Предыдущая глава |
↓ Содержание ↓
↑ Свернуть ↑
|
Пэнси не знает, что такое карма, но подсознательно согласна с фактом ее существования. Иначе как объяснить то, что вторник, наполненный запахом кофейного зерна и теплой Блейзовой кожи, неумолимо, словно расплавленный свинцовый патрон, стекает в распахнутый рот среды?
По средам сердце Паркинсон кровит и ноет, и Пэнс, собирая свое отражение в треснутом зеркале, упрямо твердит ему, что линия жизни на ее ладони — длинная, словно конская грива. Прикрывая веки, Пэнси убеждает себя, что три — это еще не закономерность.

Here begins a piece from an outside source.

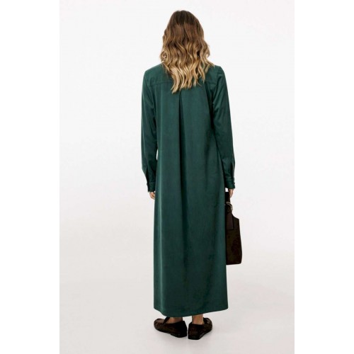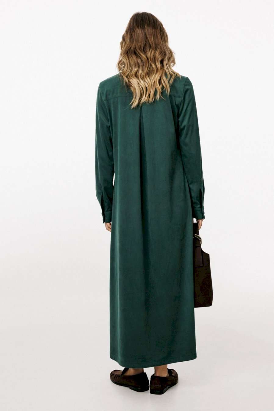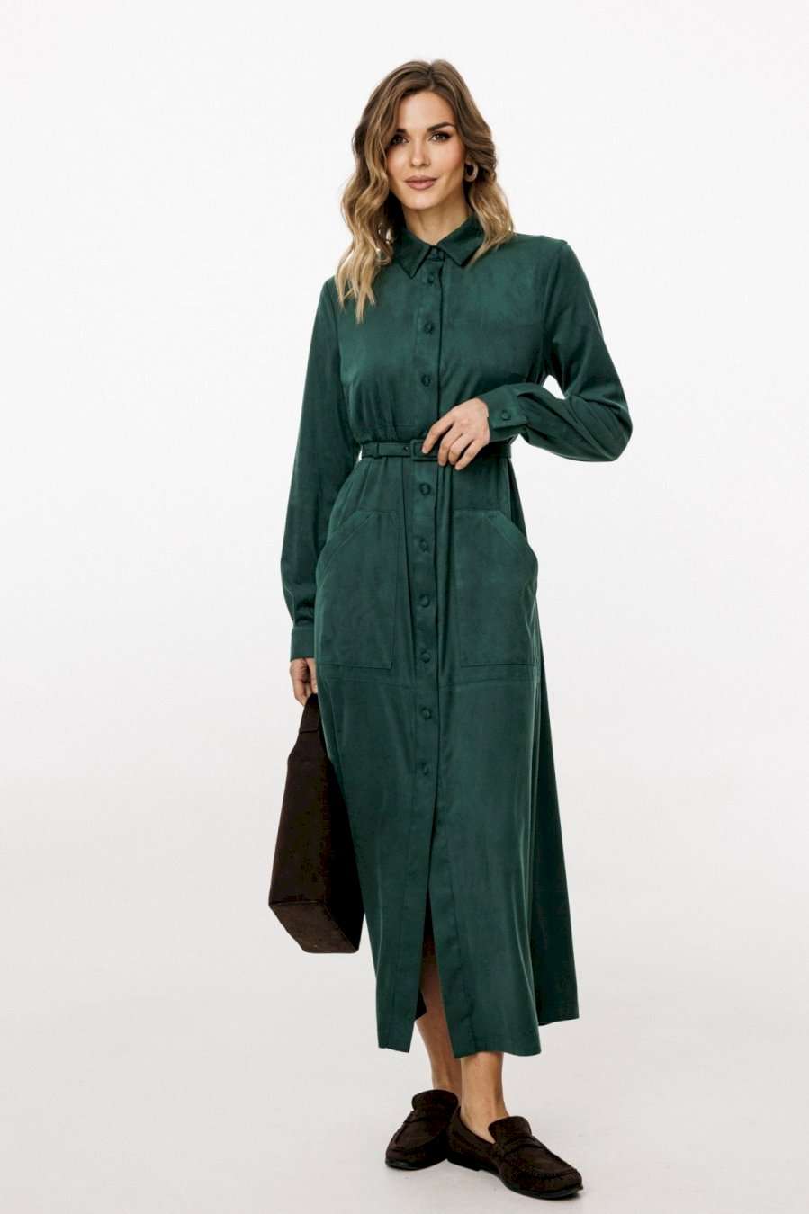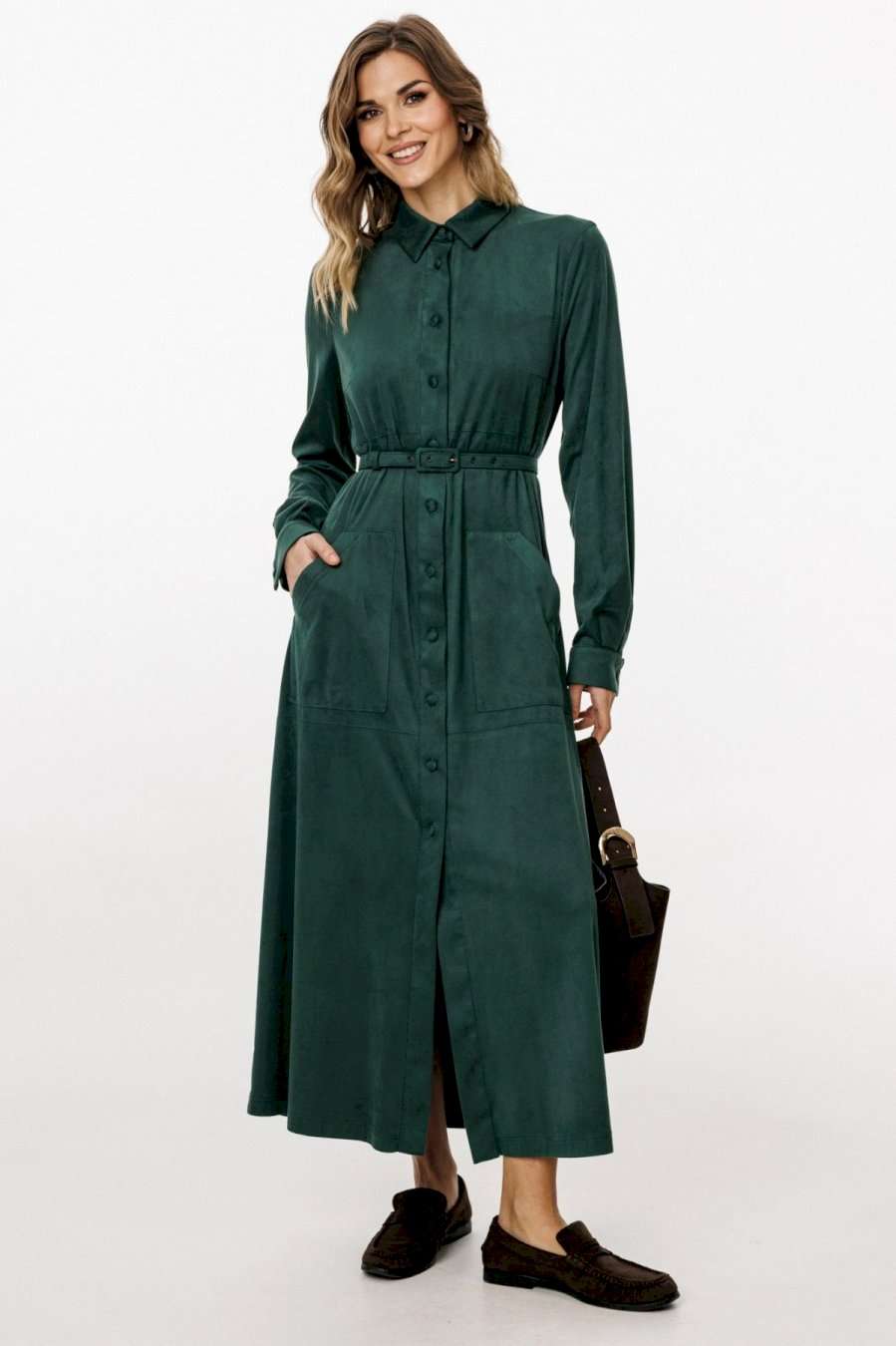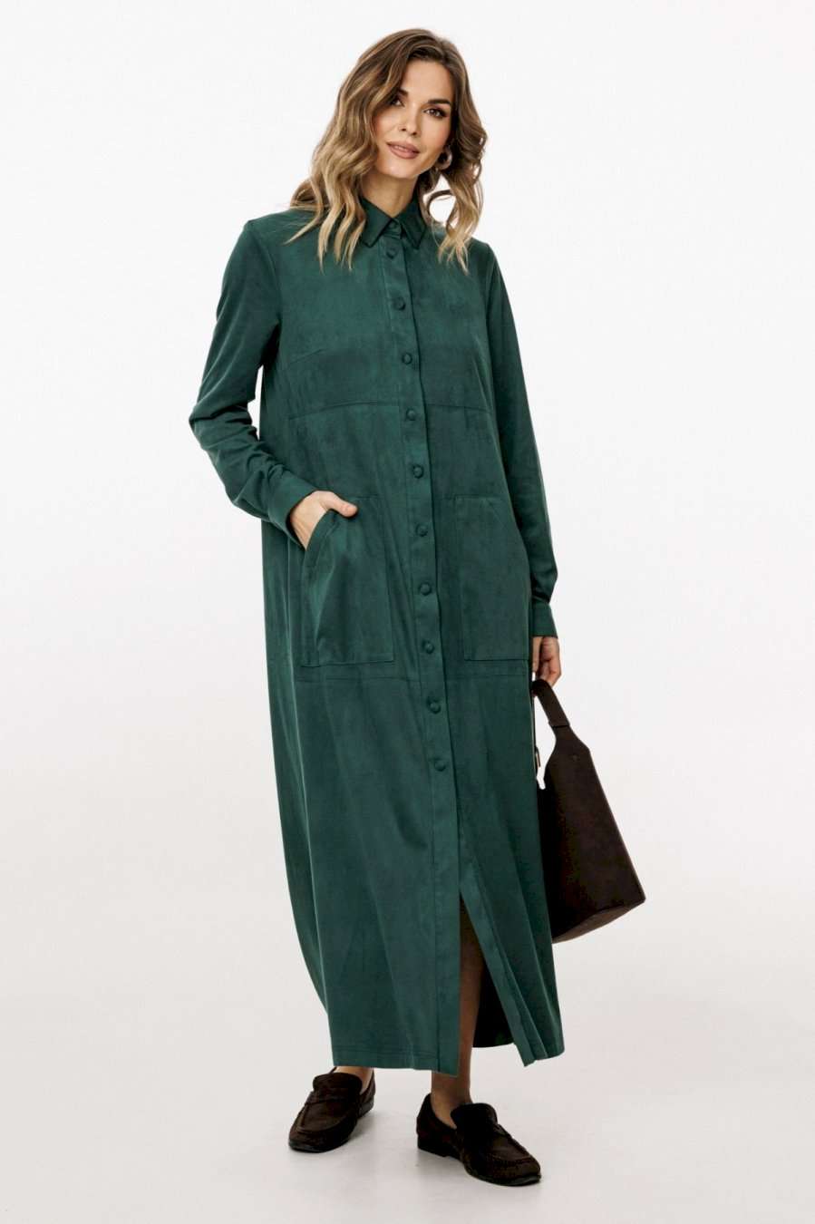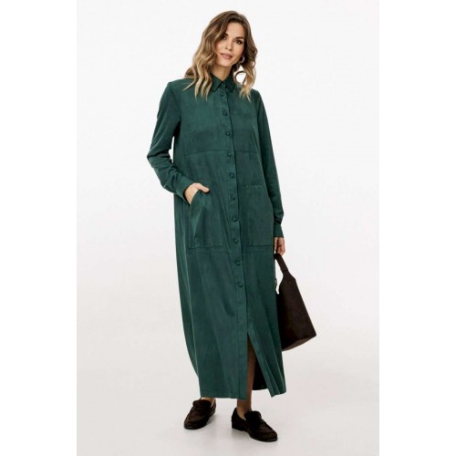 Платье выполнено из тонкой искусственной замши. Платье прямого силуэта, длиной миди. Спереди горизонтальные подрезы, накладные карманы и центральная застежка до верха с планкой на пуговицы. На спинке кокетка и встречная складка. Воротник стояче-отложной с отрезной стойкой и затежкой на пуговицу. Рукав втачной, одношовный. По низу рукава две складки и планка-обтачка. Низ рукава на притачной манжете с застежкой на пуговицу. В комплект входит ремень из основной ткани с обтяжной пряжкой. Длина платья: р. 42-46 - 133 см, р. 48-52 - 134.5 см. Длина рукава: р. 42-46 - 64 см, р. 48-52 - 65 см. ПЛАТЬЕ м. 3027 42 44 46 48 50 52 Длина по центру спинки 133 133 133 134,5 134,5 134,5 Длина рукава 64 64 64 65 65 65 Объем по груди 51 53 55 57 59 61 Объем по талии 49 51 53 55 57 59 Объем по бедрам 54 56 58 60 62 64 Объем по низу 74 76 78 80 82 84 Объем рукава вверху 32 34 36 38 40 42 Объем рукава внизу 22 22 22 24 24 24

Цифра вспыхивает на радужке и взрывается в яркий оранжевый шар.
Три среды.
Три карманные смерти, спрятавшиеся в кулак.
Первая приходит декабрьской ночью девяносто седьмого. У нее костлявые руки и смрадное дыхание старой потаскухи, которая беззвучно смеется расщелиной пепельных губ. Имя потаскухи — Белла, и она, ощерившись, клеймит семнадцатилетнюю Пэнс в тусклой гостиной Малфой-мэнора.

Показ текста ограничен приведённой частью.